Written By: Tate Hunter | Last Updated: July 09, 2026
Time to Read 14 Minutes
I've been skateboarding since I was about 6 years old, so this one's a fun topic for me. It's also one most people get wrong. Skateboards are about the last thing anyone pictures when they think about environmental compliance, hazardous waste, or air permits. But once you break down everything that goes into a complete board, from a pressed maple deck to cast metal trucks to poured urethane wheels and a pack of steel bearings, the question of "which environmental rules apply here" gets a lot more interesting.
Here at RMA, we work with manufacturers across all kinds of industries, from concrete and aggregates to food and beverage to data centers and general industrial operations. Skateboard manufacturing might look nothing like those on the surface, but it's manufacturing at its core, which means it runs into the same environmental rules we help facilities sort through all the time. Below we'll walk through the major regulatory areas one at a time and, for each one, show where the different component makers tend to get pulled in. If any of it sounds like your operation, reach out to RMA and we'll help you figure out exactly what applies.
TL;DR
Yes, skateboard manufacturers can absolutely be subject to environmental regulations, and it's a mistake to assume any one rule only hits one type of facility. Hazardous waste, air, stormwater, wastewater, Tier II and TRI chemical reporting, oil storage, and universal waste rules can each apply to deck makers, truck casters, wheel and bushing pourers, bearing shops, and hardware makers, just for different reasons. These are US rules, so they apply to facilities physically located here, which means a fair amount of skate manufacturing (decks and wheels especially) is squarely in scope while overseas production answers to other countries' rules. If you make any part of a board in the US, there's a good chance at least a few of these apply to you.

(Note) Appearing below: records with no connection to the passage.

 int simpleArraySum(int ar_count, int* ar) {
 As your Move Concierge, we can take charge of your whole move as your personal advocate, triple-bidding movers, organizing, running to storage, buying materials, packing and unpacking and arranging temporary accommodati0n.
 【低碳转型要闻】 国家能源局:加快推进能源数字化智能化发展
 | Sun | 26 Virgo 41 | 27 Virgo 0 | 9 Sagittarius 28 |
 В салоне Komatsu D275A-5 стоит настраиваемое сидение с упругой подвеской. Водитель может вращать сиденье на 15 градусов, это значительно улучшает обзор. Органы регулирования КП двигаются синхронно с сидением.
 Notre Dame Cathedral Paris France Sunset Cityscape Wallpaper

A finished skateboard is really several separate products stacked together, and each one comes from a different kind of manufacturing process. That's the whole key to understanding the compliance picture, because the rules follow the process, not the product.
The deck is usually pressed from maple veneers, though bamboo and composite decks are common now too. The trucks are the metal parts that hold the wheels and let the board turn, typically cast or machined from aluminum, sometimes with additional plating or coating. The wheels are poured from urethane, and so are the bushings that sit in the trucks. The bearings that go inside the wheels are small precision steel parts that ship pre-packed with lubricant. And the hardware, the bolts and nuts that hold it all together, is usually plated or coated metal.

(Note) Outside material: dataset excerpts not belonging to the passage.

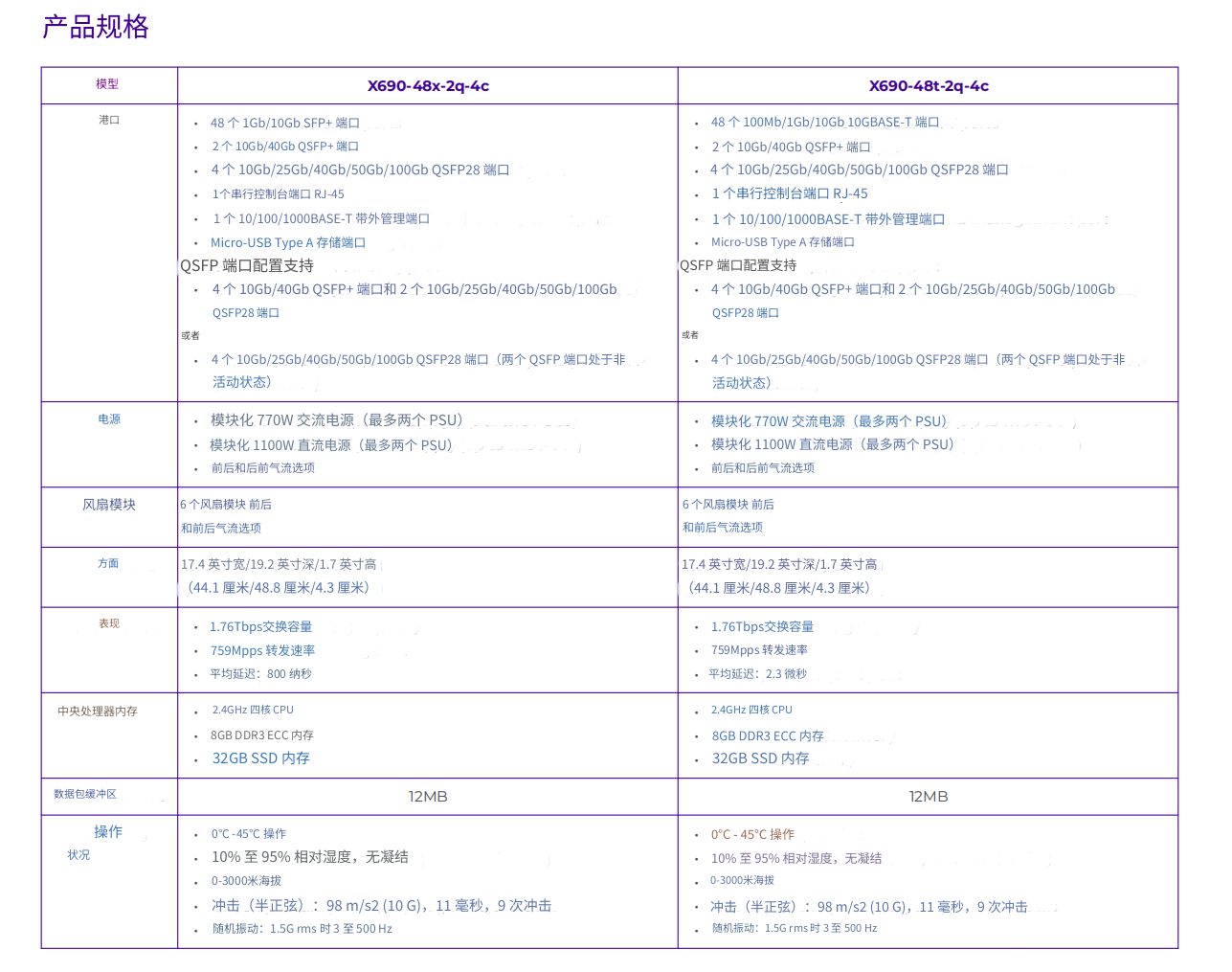 • 端口速度范围广泛,包括 1Gb、10Gb、25Gb、40Gb、50Gb 和 100Gb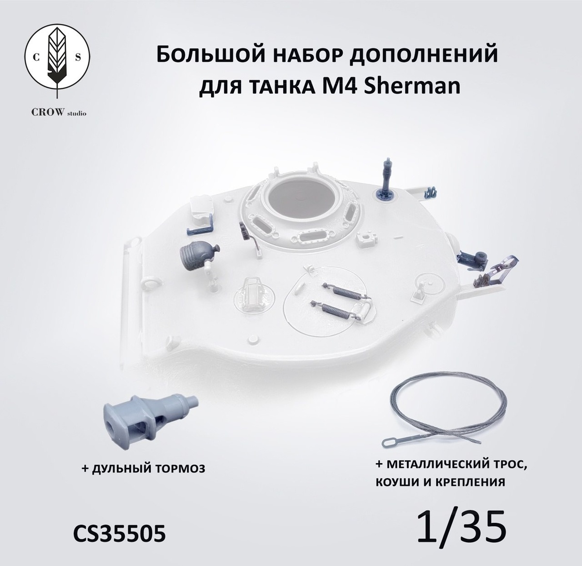 CROW Studio из Санкт-Петербурга выпустила на 3D-принтере набор деталей для моделей танков M4 Sherman в масштабе 1/35. В комплекте: -антенный ввод в двух положениях; -3 комплекта пружин люка; -крепления для пулемета "Браунинг" M2; -турельный фонарь; -дополнительный прицел командира; -дульный тормоз (также подходит на M18 Hellcat); -металлический буксирный трос; -коуши; -крепления троса; -буксировочный крюк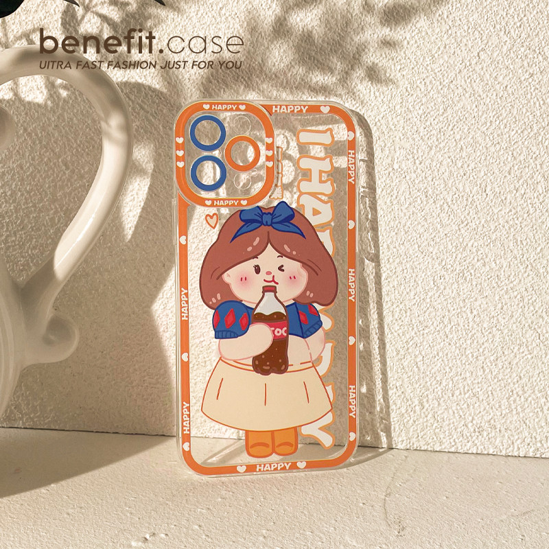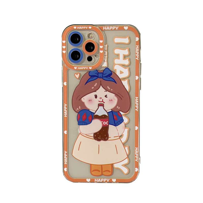 Benefit Cartoon Coke Girl applies Apple 13promax anti-fall mobile phone protection shell iphone12mini protective sleeve xsmax full package xr transparent 8p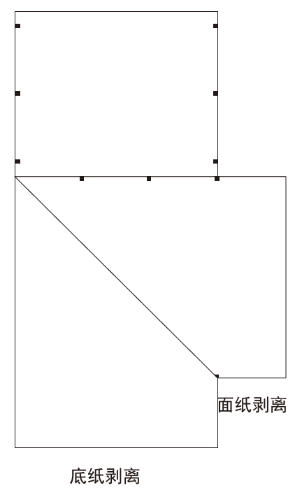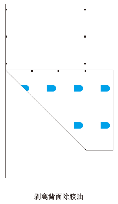 如下圖,不干膠標簽面層和底層剝離后,在面層反面印有可變碼的位置處,采用印刷方式覆蓋透明除膠油,保護油覆蓋住面層反面可變碼處的不干膠層,讓背面局部不具備粘性,達到面層背面局部除膠的效果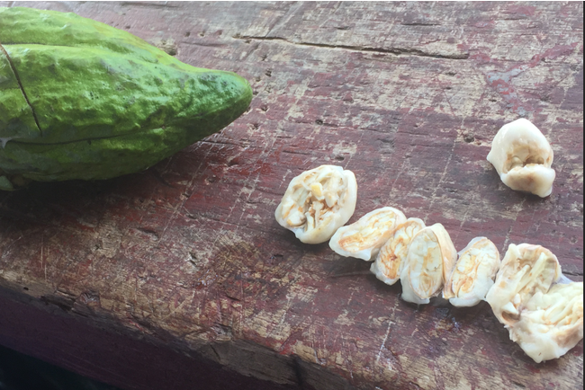 通常のカカオ豆は中身は紫色ですが、豆の中身が白色のカカオ豆があり、それをホワイトカカオと呼びます。流通量が少ないことから”幻のカカオ”とも呼ばれています。
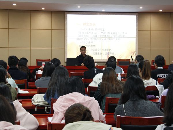 刘教授从禅的源头开始讲起,他运用形象的比喻阐释了禅学内部的种类差异,告诉我们,“小乘禅”是一个人的修行,而“大乘禅”是用“般若”的思想普度众生。而大乘佛教在中国流行的原因很大程度上在于其‘菩萨道’的思想与儒学‘己欲达而达人’的思想相契合。另外,刘教授用“禅宗之禅”的思想表明禅学提供了人们看世界的新视角,即在穿衣吃饭、挑水担柴等生活琐事中也可体悟禅意。在禅学的拓展方面,刘教授又从“士大夫禅”、“生活禅”、“人间佛教”三个角度对其进行深度解析。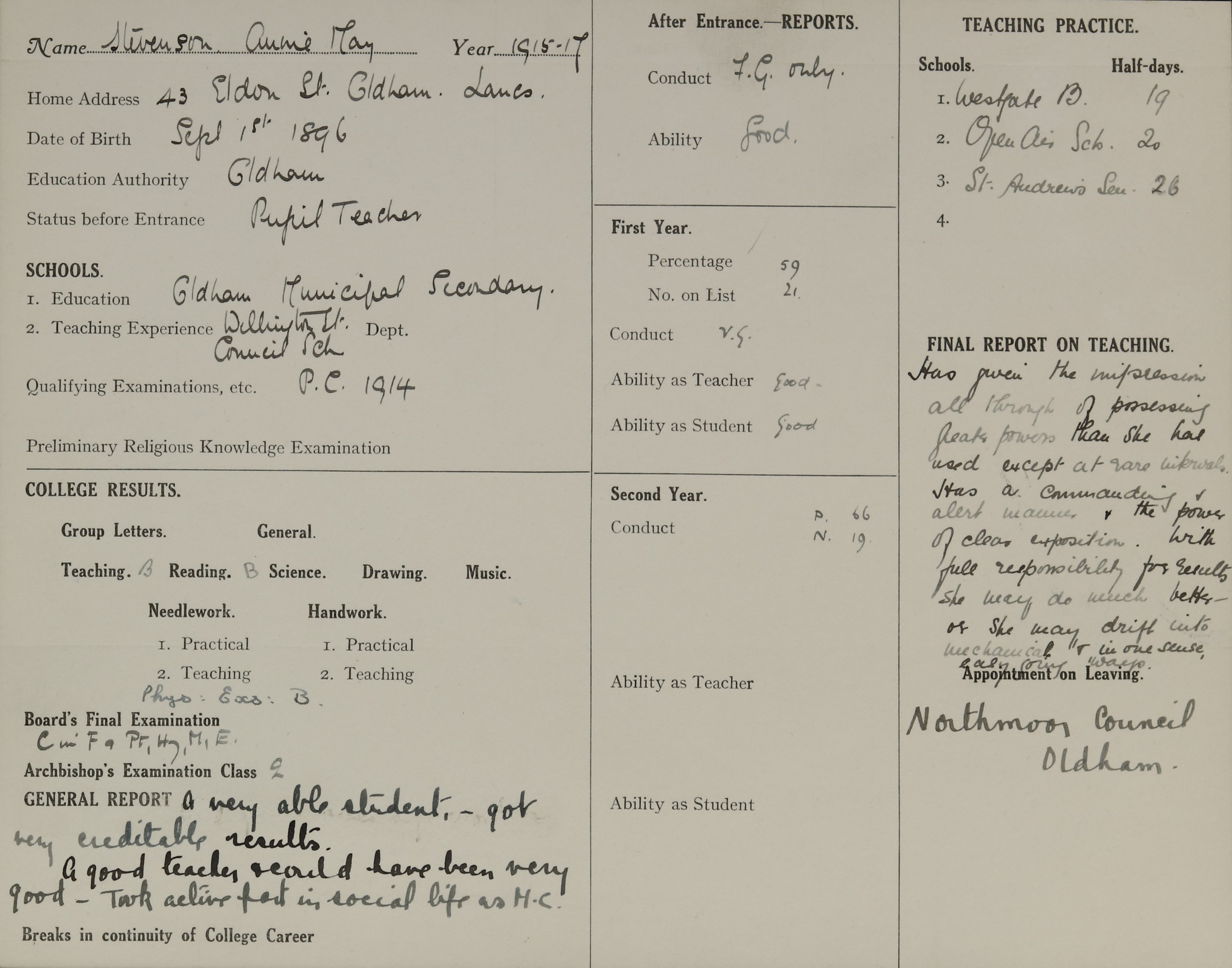She is at 43 Eldon Street, Oldham. Her father is listed as ‘Headmaster of Public Elementary School’. Her sister, Mary, is listed as ‘Assistand Mistress of Public Elementary School’. Her sister, Ethel, is listed as ‘Supplementary Teacher of Public Elementary School’. Her sister, Elsie, is listed as ‘Assistant Mistress of Public Elementary School’. Annie and her sister, Lilian, are unlisted.

So when we talk about "a skateboard manufacturer," we're usually talking about several very different facilities, each making one piece. That's exactly why you can't apply a single compliance checklist to the whole industry, and why we're going component by component below.

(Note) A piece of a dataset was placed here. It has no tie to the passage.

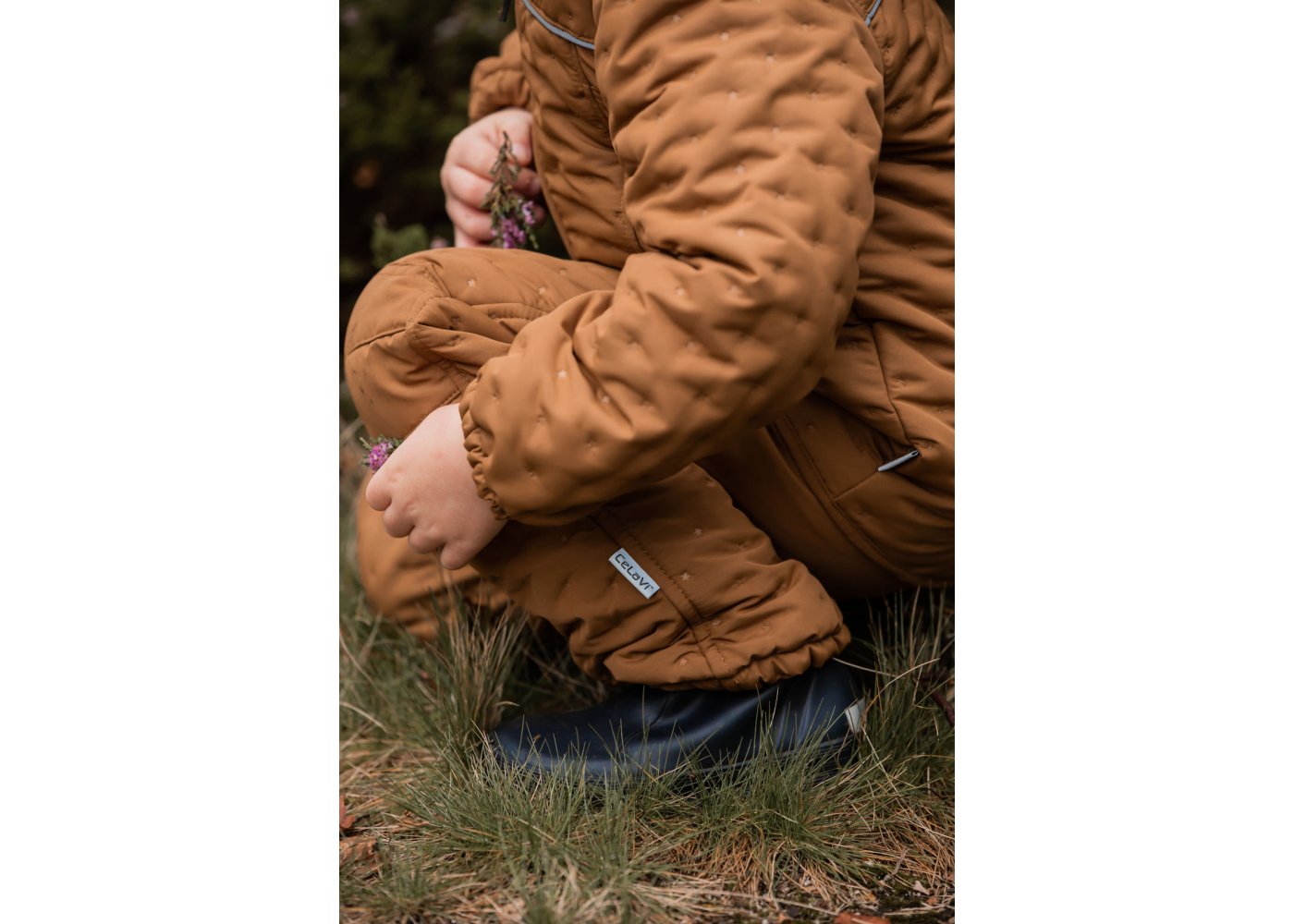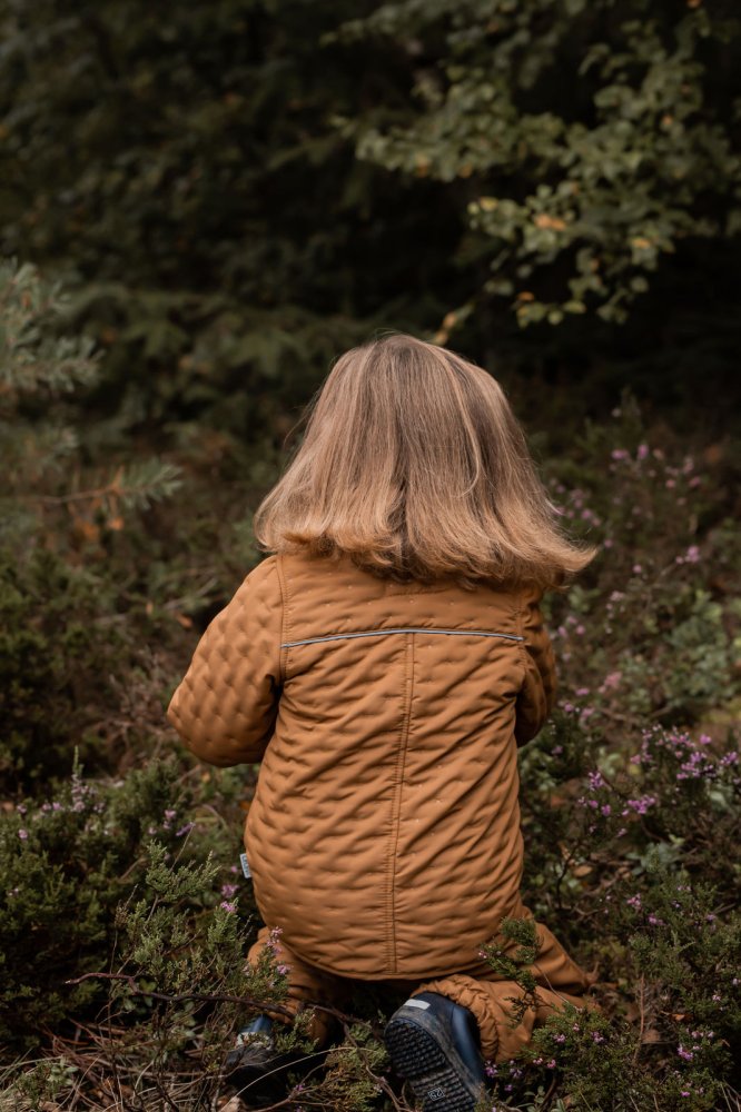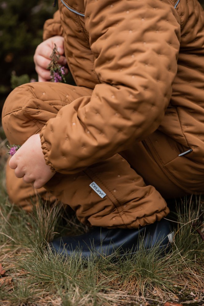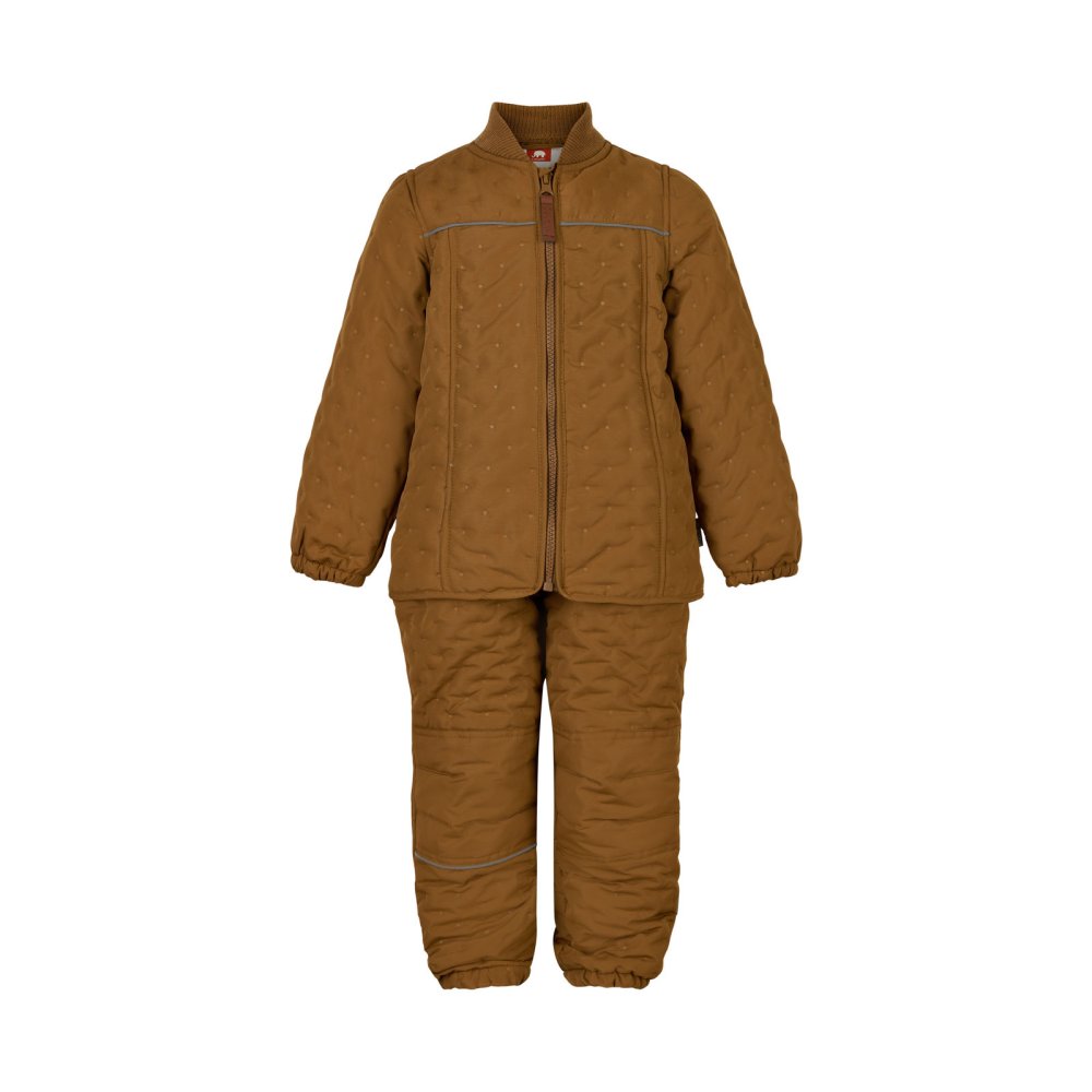 Skønt quiltet termosæt i brun med små stjernedetaljer i stoffet fra CeLaVi.

Everything we cover in this article is built on United States environmental law, both federal rules and the state programs that carry them out. That matters a lot here, because skateboard components are made all over the world, and a facility overseas answers to its own country's environmental rules, not to the EPA or a US state agency. So the first real question isn't just "which rule applies," it's "is this component even being made in the US in the first place?"
The answer varies by component. Decks have the strongest domestic manufacturing base, with a long North American tradition of pressing Great Lakes maple in US and Canadian woodshops, though plenty of decks are also made in China these days. Wheels are a bigger domestic story than most people assume, since several of the most respected urethane wheel brands still pour right here in the US. Trucks have largely moved offshore over the years, with a lot of casting now happening in China or trucks simply being assembled in the US from overseas parts. And bearings and hardware are almost entirely made abroad.
This is usually the first area that applies, and it's exactly where the common assumption falls apart. People tend to think hazardous waste is a deck-shop problem because decks involve obvious things like paints and solvents. But under the Resource Conservation and Recovery Act (RCRA), any facility that generates hazardous waste, even in small amounts, has to manage it correctly from generation through final disposal, and every part of a skateboard can generate it.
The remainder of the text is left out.